## Calculus: Early Transcendentals (2nd Edition)

(a) $x=0$ and $x = 8/5$ are two critical points. (b) $f$ has a local maximum at $x = 0$ of $f(0) = 0$ and a local minimum at $x = 8/5$ of $\frac{-48}{{5·5}^{2/3}} \approx −3.28$. (c) The absolute maximum of $f$ on $[−5, 5]$ is $\sqrt[3]{25}$ and the absolute minimum is $-9\sqrt[3]{25}$.

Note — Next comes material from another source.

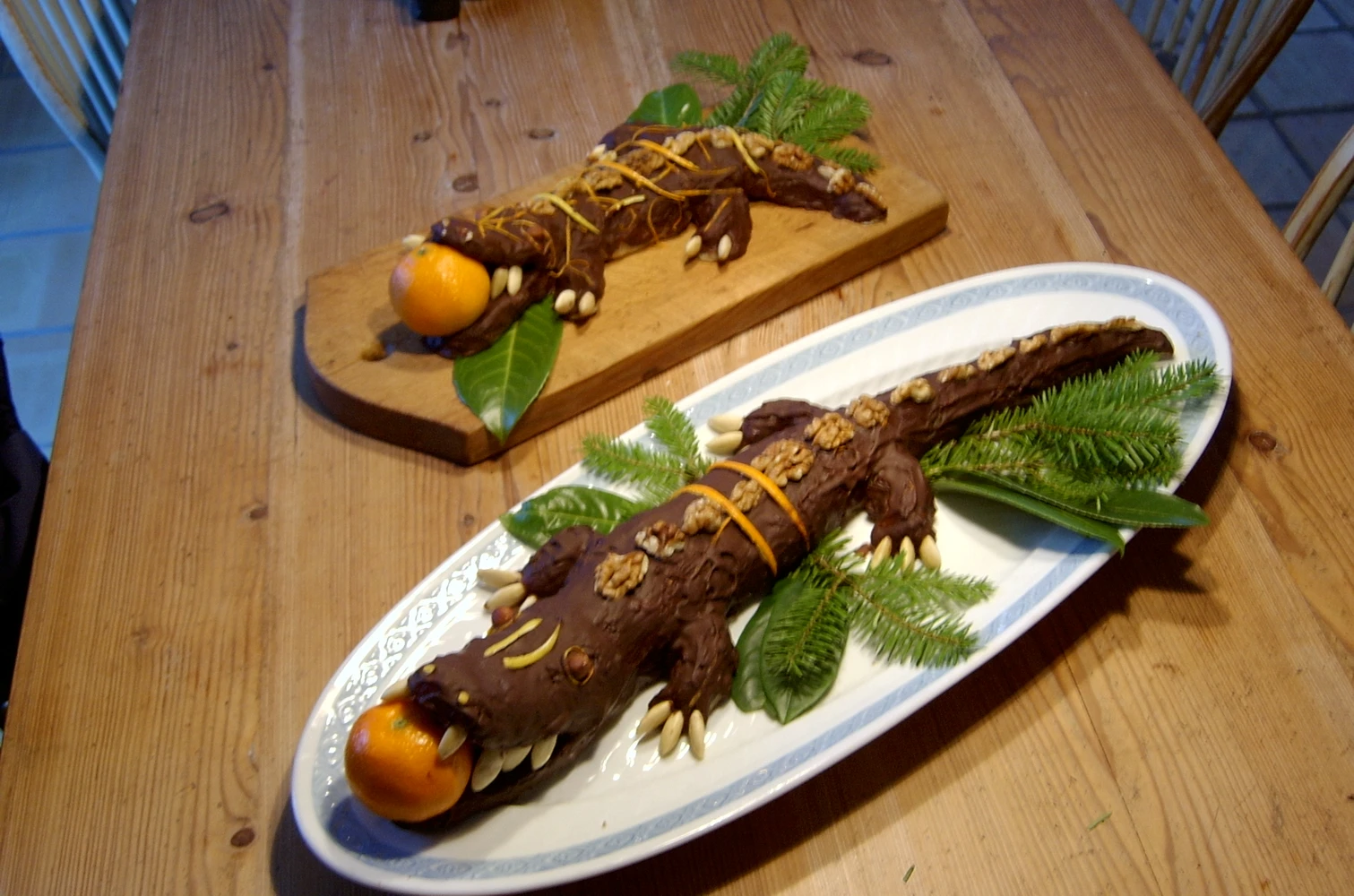 Vi plejer at lave en marcipan, rom krokodille eller to i starten af December. De er spist inden jul. Der kommer mange gæster... Det er festligt at forme marcipanmassen sammen, især sammen med børn.

(a). $f'(x) = x^{2/3} + (x − 4) · \frac{2}{3}x^{−1/3} = \frac{5x−8}{3x^{1/3}}$ , which is undefined at $x = 0$ and is $0$ at $x = 8/5$. So these are the two critical points. (b). Note that $f(−1) > 0$ and $f(1) < 0$, and $f(2) > 0$ so $f$ has a local maximum at $x = 0$ of $f(0) = 0$ and a local minimum at $x = 8/5$ of $\frac{-48}{{5·5}^{2/3}} \approx −3.28$. (c). Note that $f(−5) = −9 \sqrt[3]{25} ≈ −26.32$, $f(0) = 0$, and $f(5) = \sqrt[3]{25} ≈ 2.92$, so the absolute maximum of $f$ on $[−5, 5]$ is $\sqrt[3]{25}$ and the absolute minimum is $-9\sqrt[3]{25}$.